Страница 24 из 29
Был чудесный декабрьский вечер, когда она прибыла туда, и падал снег, клонились фиолетовые тени, совсем как ей привиделось тогда на горе возле Бурсы. Огромный дом раскинулся в снегу, скорей как целый город, – бурый, розовый, фиолетовый и синий. Дымили трубы, старательно, от всей души. При виде этой мирно разлегшейся в лучах громады Орландо едва сдержала восторженный крик. Когда желтая карета въехала в парк и покатила между деревьев по аллее, благородные олени вопросительно вскидывали головы и, было замечено, вместо того чтоб проявлять положенную их брату робость, неотступно следовали за каретой. Иные трясли рогами, прочие били копытом землю, когда спускали лестницу и выходила Орландо. Один, говорят, просто плюхнулся перед ней на колени в снег. Она даже не успела протянуть руку к дверному молоточку: огромные двустворчатые двери распахнулись и, высоко поднявши факелы и свечи, миссис Гримздитч, мистер Даппер и весь штат прислуги явились на пороге, приветствуя ее. Задуманный чин встречи, однако, нарушился сперва несдержанностью пса Канута[27], который так пылко бросился к своей хозяйке, что чуть ее не повалил, а затем смятением миссис Гримздитч, которая вместо реверанса от полноты чувств только и могла бормотать «Милорд! Миледи! Миледи! Милорд!», пока Орландо ее не успокоила, сердечно расцеловав в обе щеки. Затем мистер Даппер принялся было читать по пергаменту, но борзые лаяли, охотники трубили в рога, тут же мешались под шумок зашедшие во внутренний двор олени, мистер Даппер оставил свою затею, и все общество разбрелось по дому, предварительно, каждый на свой манер, засвидетельствовав хозяйке радость по случаю ее возвращения.

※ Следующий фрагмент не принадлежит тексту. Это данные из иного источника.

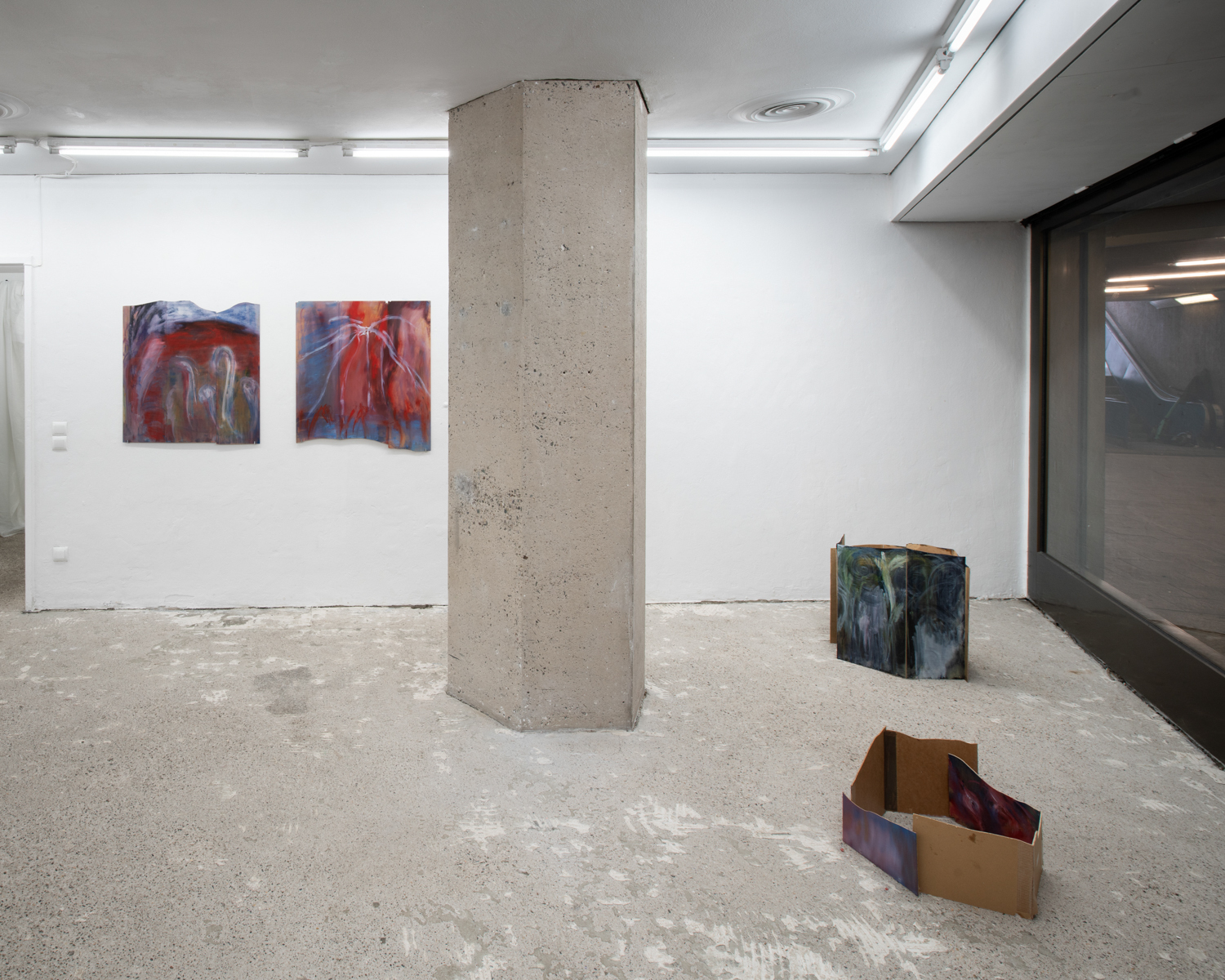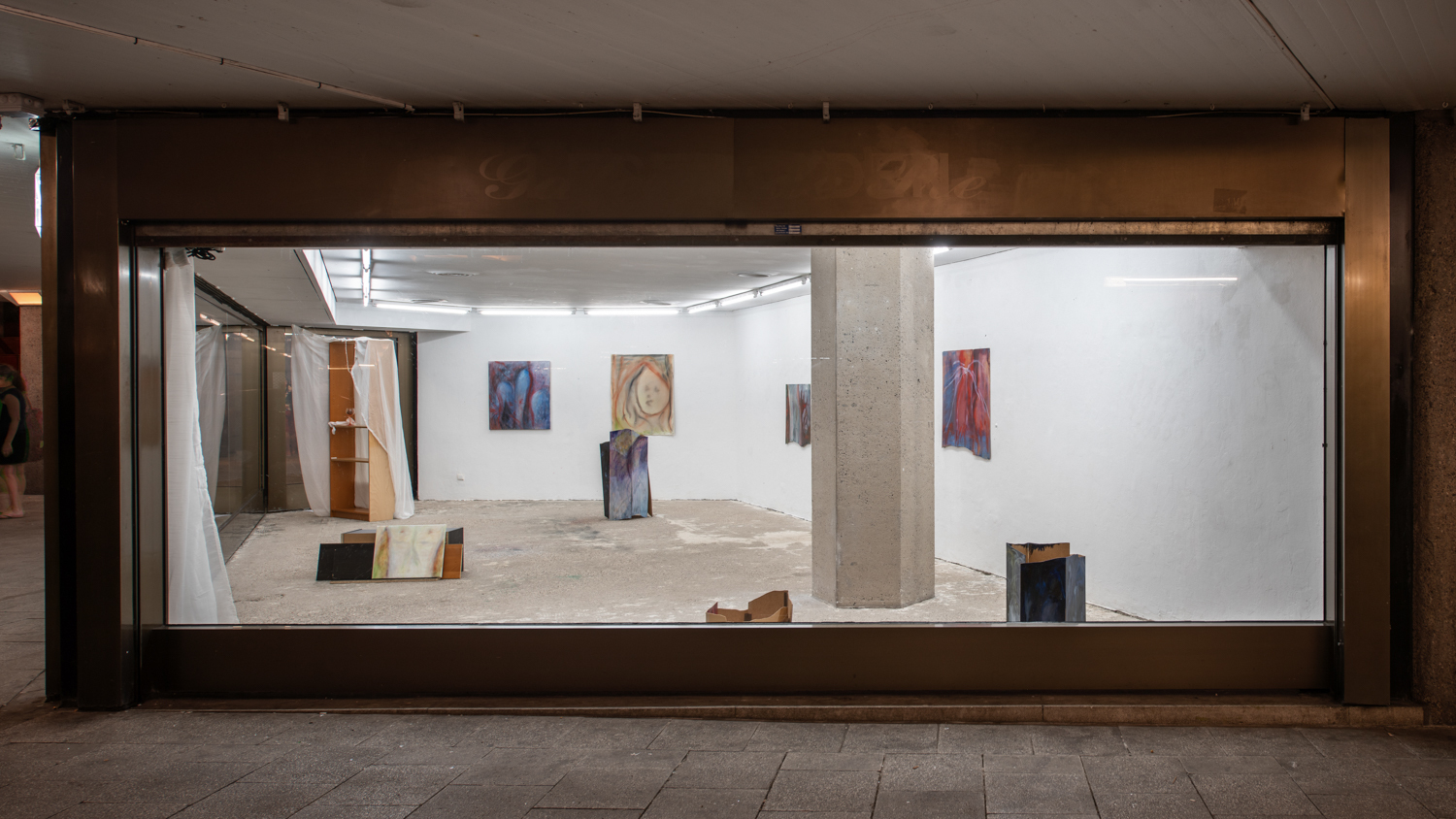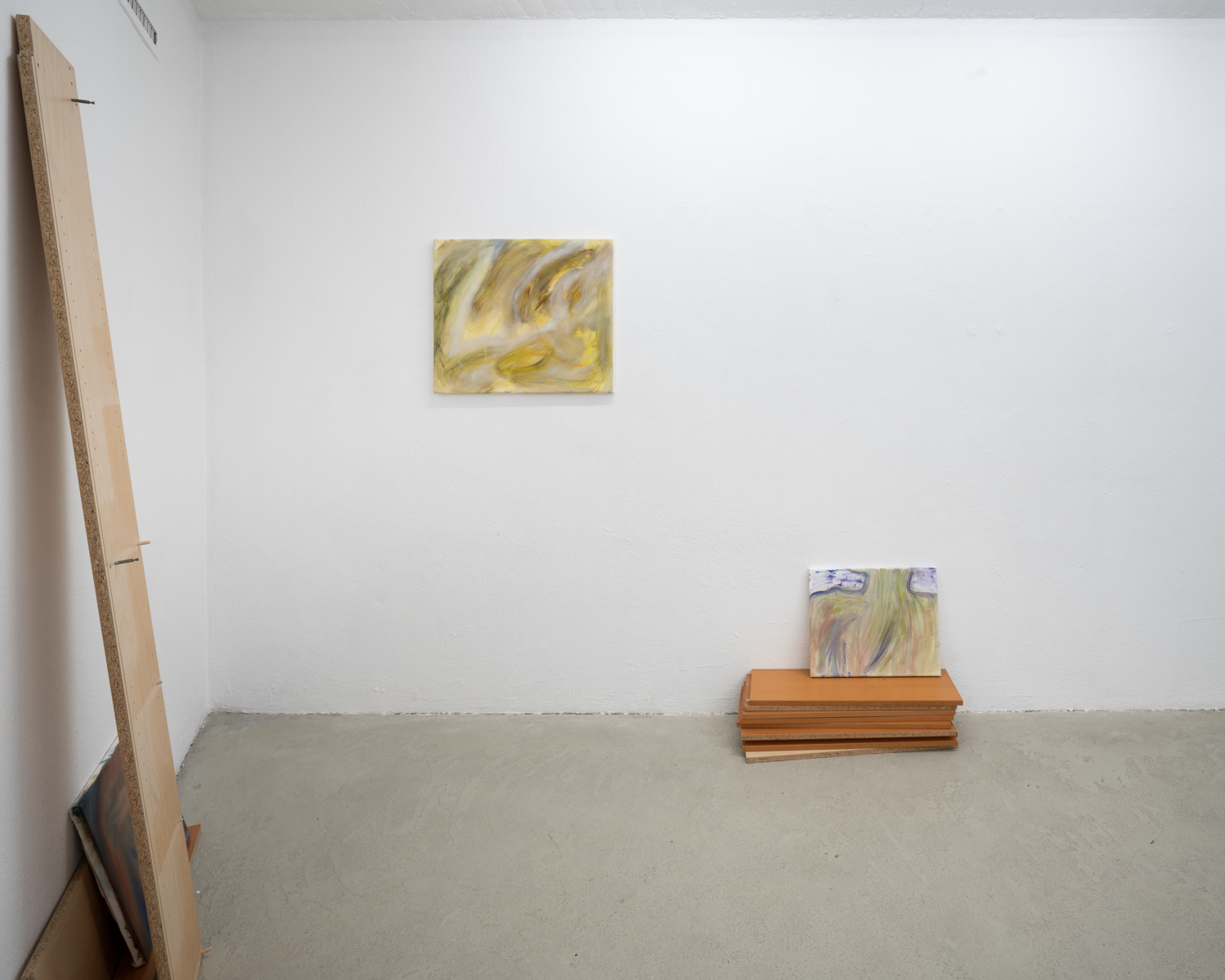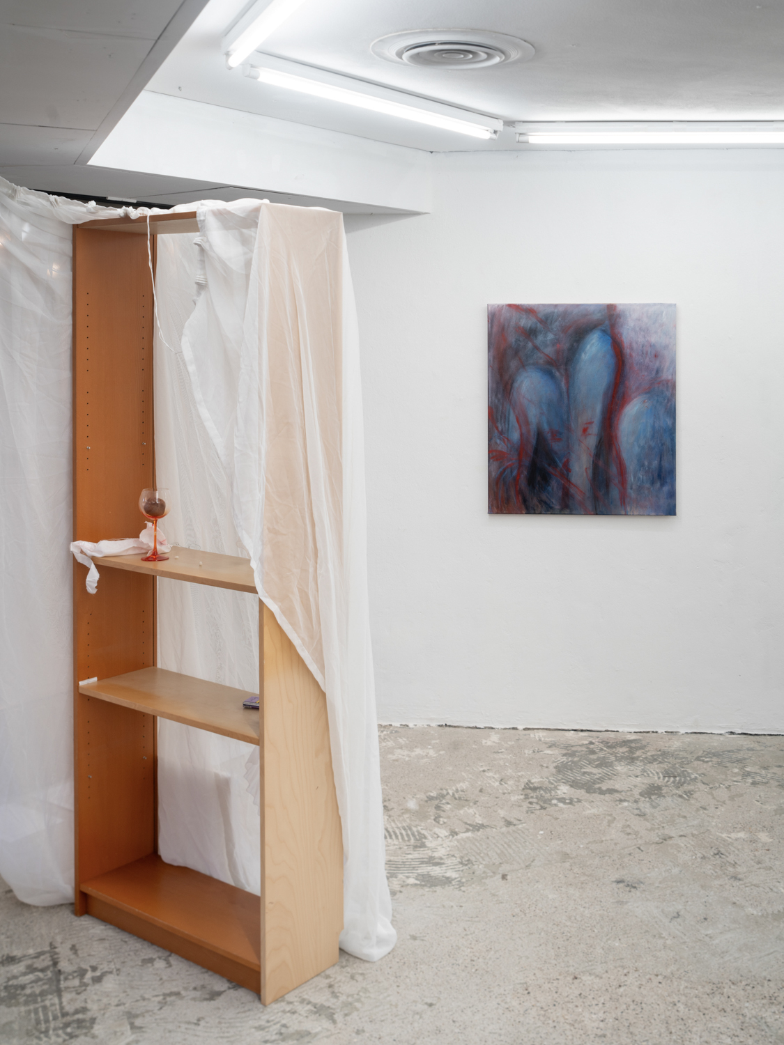Christina Krys Huber's characteristic paintings, in which human bodies appear fragmented, serve as a starting point. The figures, some of which are only hinted at and distorted, merge with the abstract backgrounds on the canvas. In a new series of works presented for the first time, the artist also appropriates plywood from discarded IKEA Billy shelves. The pieces of furniture, often used for temporary and quick furnishings, are robbed of their actual function in their deconstructed form. The spatial installation plays with the visitors' self-perception and throws them back onto their own physicality. Through poetic texts, the artist also provides an insight into personal memories and into an imagined and real collective memory. A performative reading will take place as part of the opening. NOT QUITE A LOVE POEM is Christina Krys Huber's first presentation in North Rhine-Westphalia.

Никто не выказал ни минутного подозрения, что Орландо – не тот Орландо, которого они знали. Если какие мысли и закрались бы в сердца людей, поведение оленей и собак тотчас бы их развеяло, ибо немые твари, каждый знает, гораздо лучше способны разобраться в том, кто есть кто, и в характере нашем, чем мы сами. Более того, говорила миссис Гримздитч, попивая вечером китайский чай с мистером Даппером, если хозяин и стал теперь хозяйкой, она лично в жизни не видывала более хорошенькой, да их и не различить; обоих небось природа не обидела; как два персика с одной ветки; честно сказать, разоткровенничалась миссис Гримздитч, она всегда кое-чего смекала (она таинственно покачала головой) и нисколечко не удивляется (она покачала головой с умным видом), и, сказать по чести, она лично очень даже рада; полотенца все прохудились, занавески у капеллана в гостиной все молью траченные, самое время, чтобы хозяйка в доме была.
– А потом и маленькие хозяйки и наследнички, – подхватил мистер Даппер, вместе со святым саном облеченный правом вслух высказываться о столь деликатных материях.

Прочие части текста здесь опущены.